On the sixth release from reedman Martin Kuchen's mid-sized Angles ensemble, all the winning traits so evident on previous outings are still present and correct: heart wrenching melodies, huge foot-tapping riffs, sweeping chorales and adventurous raw soloing, not least by the leader himself. Many of the same top notch players remain on board, notably trombonist Mats Äleklint Quartet, vibraphonist Mattias Ståhl, bassist Johan Berthling and drummer Andreas Werliin, affirming a veritable spiders web of connections with other well-regarded bands on the Scandinavian scene such as All Included, Fire!, Atomic and Paal Nilssen-Love's Large Unit.
In this outfit, Küchen favors a strong beat which keeps matters accessible and helps get the message across. As always with Küchen there is a political/humanist subtext to the music, which means that the closest precursor in terms of both content and intent remains Charlie Haden's Liberation Music Orchestra. The reedman' arrangements make the most of the crew on hand, and the often loosely polyphonic voicings conjure a bigger sound than even the 9-piece incarnation would suggest, as exultant vamps burst into dense free for alls before continuing on their irrepressible way.
Küchen launches "Equality & Death (Mothers, Fathers, Where Are Ye?)" with anguished overblown tenor saxophone shrieks, until an unstoppable martial cadence kicks in, embellished by a series of overlapping figures. It makes a tremendous scene setter. Although each of the numbers ascends to similar plateaus of majestic widescreen grooves, they achieve that destination by different routes. A call and response for the trio of brass at the outset of "Pacemaker" coheres into another slamming riff. While on "Ådror" annunciatory fanfares open out for first Goran Kajfes' sprightly off center cornet solo, followed by a tumbling vibes cascade from Ståhl, only to switch up a gear to a funky Afrobeat.

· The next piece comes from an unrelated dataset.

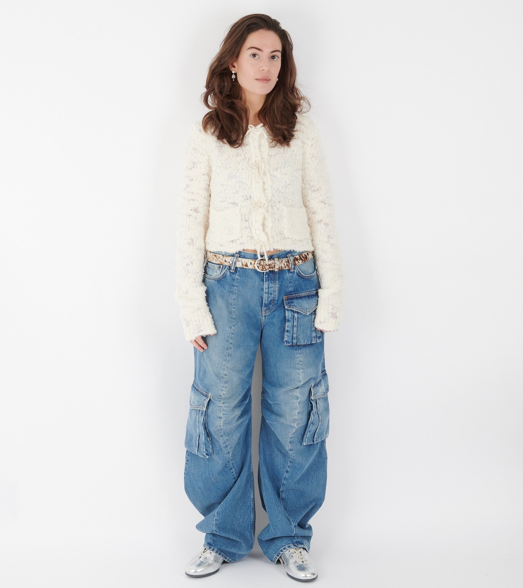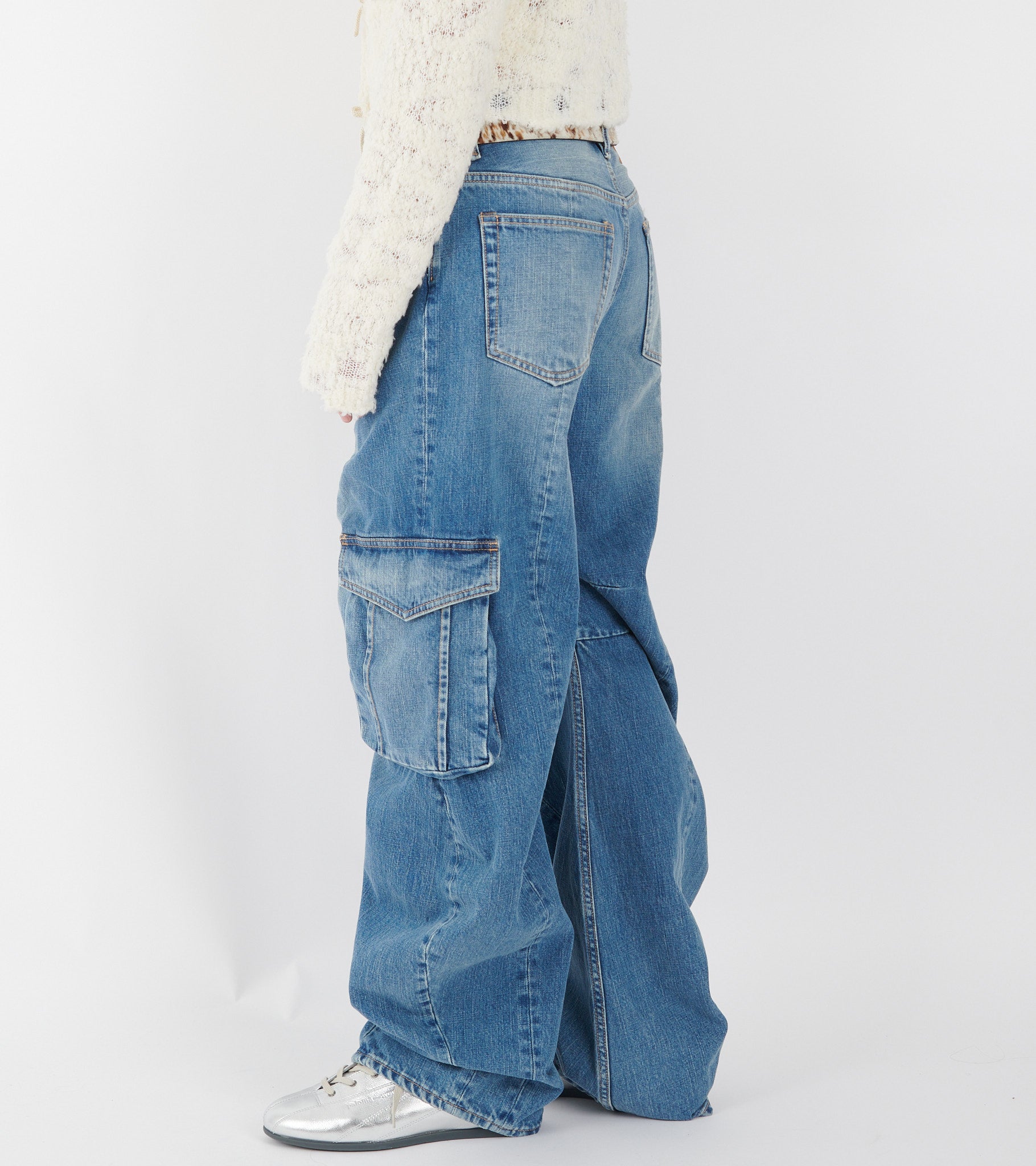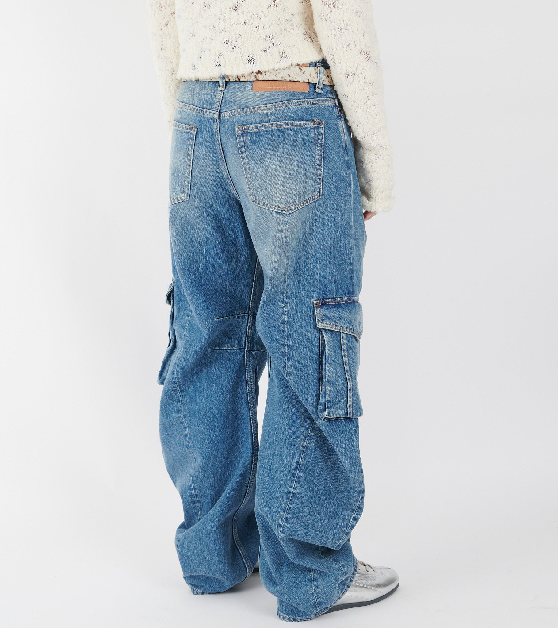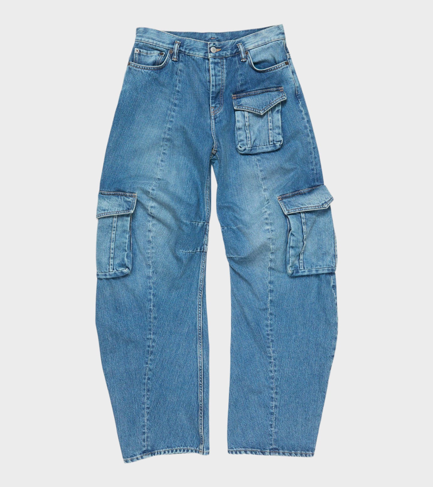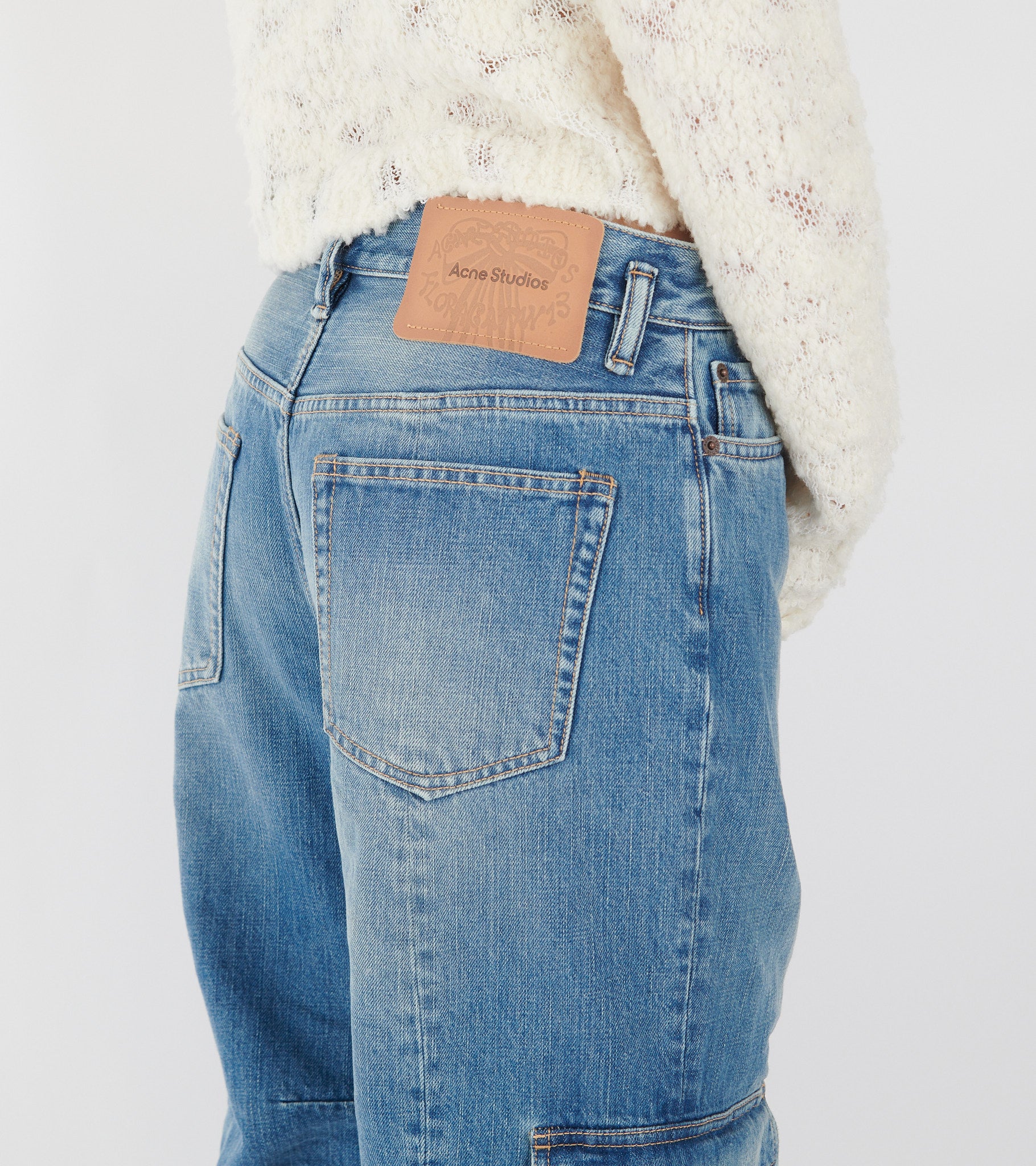 Blå cargo-jeans med lommer og brede buede ben fra Acne Studios.

On the title cut a mournful theme falls away to leave a poignantly lyrical duet for Alexander Zethson's piano and Kajfes' cornet, and later Eirik Hegdal's gruff baritone over a free pulse. In a mirror image of the opener, Küchen's world weary tenor introduces "Flee Thy House (In Breslau)" before a triumphant chorus tinged with melancholy. Thereafter Äleklint blusters and brays forcefully, giving way to Magnus Broo's darting waspish trumpet and Werliin's churning drums. Although such cameos for the talented cast pepper the program, the emphasis never moves far from the group sound. At 44 minutes this powerful, moving studio set doesn't outstay its welcome.
Equality & Death (Mothers, Fathers, Where Are Ye?); Ådror; Pacemaker; Disappeared Behind The Sun; Love, Flee Thy House (In Breslau).
Alexander Zethson: piano; Mattias Ståhl: vibraphone; Magnus Broo: trumpet; Goran Kajfes: cornet; Mats Äleklint: trombone; Eirik Hegdal: baritone saxophone; Johan Berthling: double bass; Andreas Werliin: drums; Martin Küchen: alto saxophones, tenor saxophones.